The current energy market picture is looking good for oil bulls. 

International benchmark Brent crude The long-anticipated $80 threshold for barrels was passed on Tuesday. However, the price has fallen to $78.47 in London as of Wednesday 10:30 AM. West Texas Intermediate Around the same time, it was at $74.73 per barrel.  

Demand looks positive with Europe’s gas crisis and winter coming, Some experts warn of the dangers that rising prices could bring about demand destruction. 

The marginal cost of oil has been disconnected. They are instead moving to the point where demand destruction kicks into, which is estimated at $80/bbl. Morgan Stanley stated this in June. Tuesday’s note from the bank said that “This is our thesis.” 

The bank noted, however that it was difficult to determine the exact price at which demand will be destroyed. For now, we leave the price forecast as is, however, it recognizes that there are upside possibilities to our bull-case scenario, which would be $85/bbl, based on current trends. 

Morgan Stanley predicts that global oil supplies will become tighter. They cite an average 3 million barrels/day of inventories draws over the past month, as opposed to the 1.9 million barrels per daily drawn during the previous months. 

Martijn Rats and Amy Sergeant, analysts at the bank, said “These draw are high and indicate the market is less undersupplied that generally perceived.”  

Flights and transport are also improving, Flightradar data for commercial flights showing that the “gap to pre-covid levels” has been closed, they stated. 

But, there are still some concerns. 

The World Bank said Tuesday that the Delta variant is slowing economic growth in the East Asia and Pacific region, and growth forecasts have been downgraded for most of the region’s countries. And China faces a potential slowdown with its Evergrande crisis and a growing power shortage that’s hitting factories, homes and supply chains.  

Stephen Brennock from London’s PVM Oil Associates, said that China’s economic problems are putting a shadow on demand and thus the price outlook. 

Inflation will rise, and higher energy prices could lead to even more inflation. This is an important threat for demand.
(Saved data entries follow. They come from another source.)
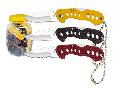 Product: Can of 36 pocket knife key-rings, Name: , Brand: ALBAINOX, Blade Size: 4.40cm, Handle Type / Color: ABS/Assorted colours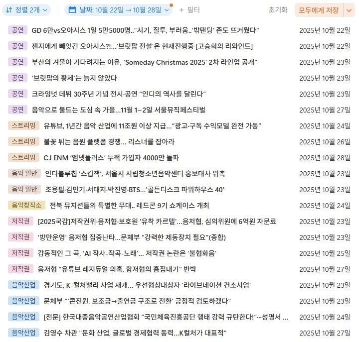2025년 10월 5주(44주차) 음악산업동향 및 공모 공고 리스트를 열람하실 수 있습니다.
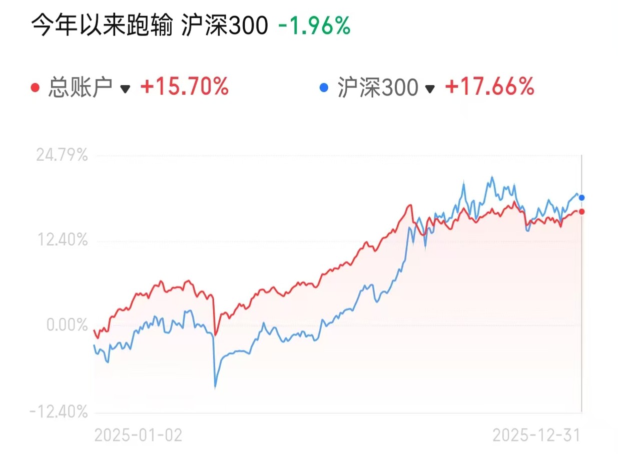 -- 部分投资ETF,主要是A500ETF和创业板ETF,外加少量煤炭ETF和稀土ETF。表现不合格,经历4月关税战和11月大跌的割肉、溃退。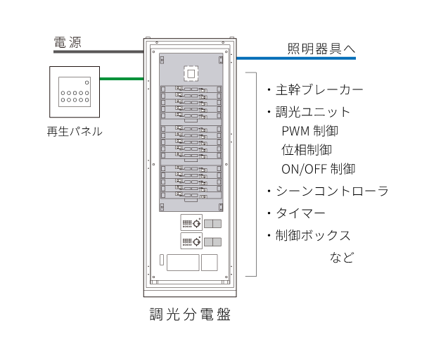 「調光分電盤」は照明装置を集約する盤。一定以上の規模の施設では、

Brennock noted in a Tuesday letter that “Rising oil prices were one of major drivers of inflation.” An increase in inflationary pressure will be detrimental to both the fragile economy and oil consumption. The issue of the destruction or excess demand is now clear. 

China and India were two top importers of oil. This month, they began selling oil from strategically held reserves to attempt to decrease crude prices. It hasn’t been able to lower global oil prices but it did send a powerful message.

Brennock said that the main reason for this change in events was price. The price of crude oil has risen to over $70/bbl. This is a major problem for New Delhi and Beijing. Oil prices above $80/bbl could be devastating for them and reduce import demand.